Read more: Cultivating Success: Anxiety Therapy for High Achievers
Glossary (fast scanning)
- Safety behaviors: Actions that reduce short-term distress (rehearsal, avoidance, alcohol) but maintain fear long-term.
- Self-focused attention: Monitoring internal sensations (blushing, shaking) instead of the task; amplifies perceived threat.
- PEP (post-event processing): Biased rumination after social events that cements anxious narratives.
- SUDS: Subjective Units of Distress (0–100).
- Expectancy violation: Observing a feared prediction not occur (or occur but with lower cost than predicted).
Read more: Balancing Brilliance: Anxiety Therapy for High Achievers
FAQs
What keeps social anxiety going?
- A loop of safety behaviors, self-focused attention, anticipatory worry, and post-event processing that trades short-term relief for long-term avoidance.
Is exposure enough, or do I need cognitive work too?
- Use brief cognitive tools (decatastrophizing, compassionate reframe) to support exposures/experiments—don’t let thinking work displace doing.
How do I know when to move up the hierarchy?
- Advance when expectancy drops and SUDS recover predictably—not when you feel perfectly comfortable.
What do I measure each week?
- SUDS, expectancy ratings, safety-behavior counts, and at least one functional KPI (e.g., meetings led). Add a brief scale (e.g., LSAS/SIAS/SPIN examples) for trend.
What if my belief feels obviously true?
- Treat it as a testable hypothesis. Run small, high-information experiments to gather disconfirming data; aim to reduce certainty, not force positivity.

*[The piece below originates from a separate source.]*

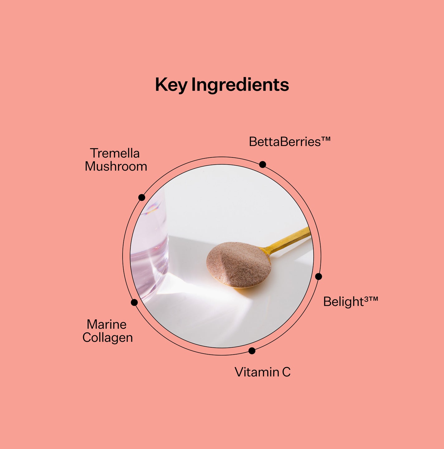 With a synergistic blend of potent berry antioxidants, hydrating Tremella Mushroom, Marine Collagen, anthocyanin-rich beetroot juice powder, Vitamin C and French Grape Seed polyphenols, Skin Hydration Elixir is a beauty supplement designed to advance your skincare routine. Tremella Mushroom and Marine Collagen hydrate the skin to restore plumpness and elasticity, while antioxidants from berries and grape polyphenols work to brighten skin complexion and provide cellular protection.

How do I handle setbacks or spikes?
- Use your if–then relapse card (e.g., “If I cancel two exposures, then I schedule a 30-minute booster by Friday”), and reconnect tasks to values (leadership, connection).
Can I do this on video calls?
- Yes—video adds unique tasks (camera on, speak early, volunteer a question). Still drop safety behaviors (mute-lurking, script reading) and run experiments.
How long until progress shows up?
- Often within 4–6 sessions when experiments are frequent and safety behaviors are reduced. Expect uneven gains; learning beats comfort.